──────── COLLECTED MATERIAL ────────

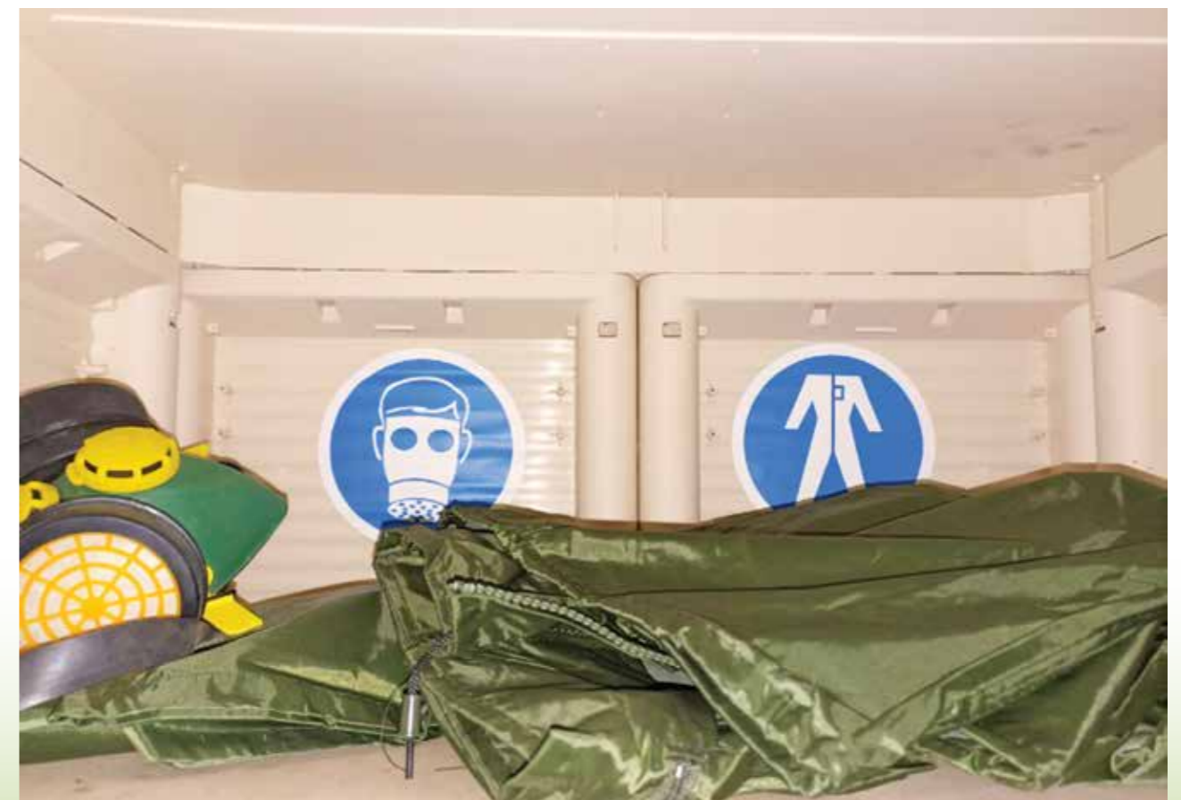
✓ Example of well-stored Personal Protective Equipment (PPEs), (face mask, gloves and protective overall), clean from residues.
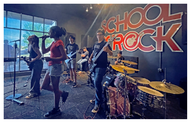
Chamber members enjoyed networking and a performance by students of <u>School of Rock Blue Valley</u> at June's Wednesday Wake-up event.
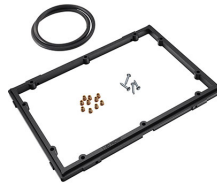
1150PF Special Application Panel Frame
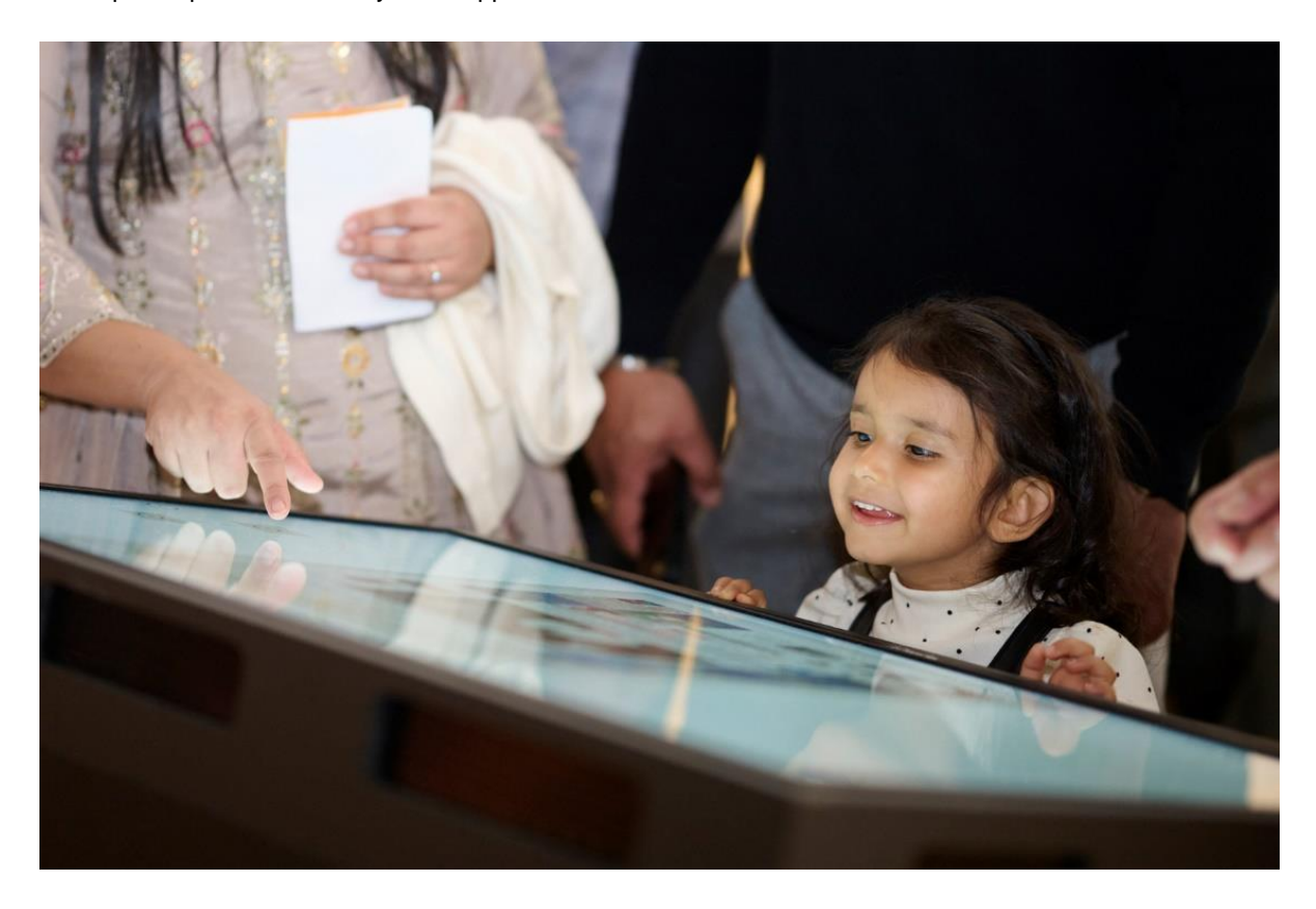
Digitized community collections are shared on touchscreen kiosks throughout the Des Pardes exhibition.

────────

• **YOUR TASK**: Drop the images, then copy the data exactly.

• **EXERCISE OUTPUT**:
✓ Example of well-stored Personal Protective Equipment (PPEs), (face mask, gloves and protective overall), clean from residues.
Chamber members enjoyed networking and a performance by students of <u>School of Rock Blue Valley</u> at June's Wednesday Wake-up event.
1150PF Special Application Panel Frame
Digitized community collections are shared on touchscreen kiosks throughout the Des Pardes exhibition.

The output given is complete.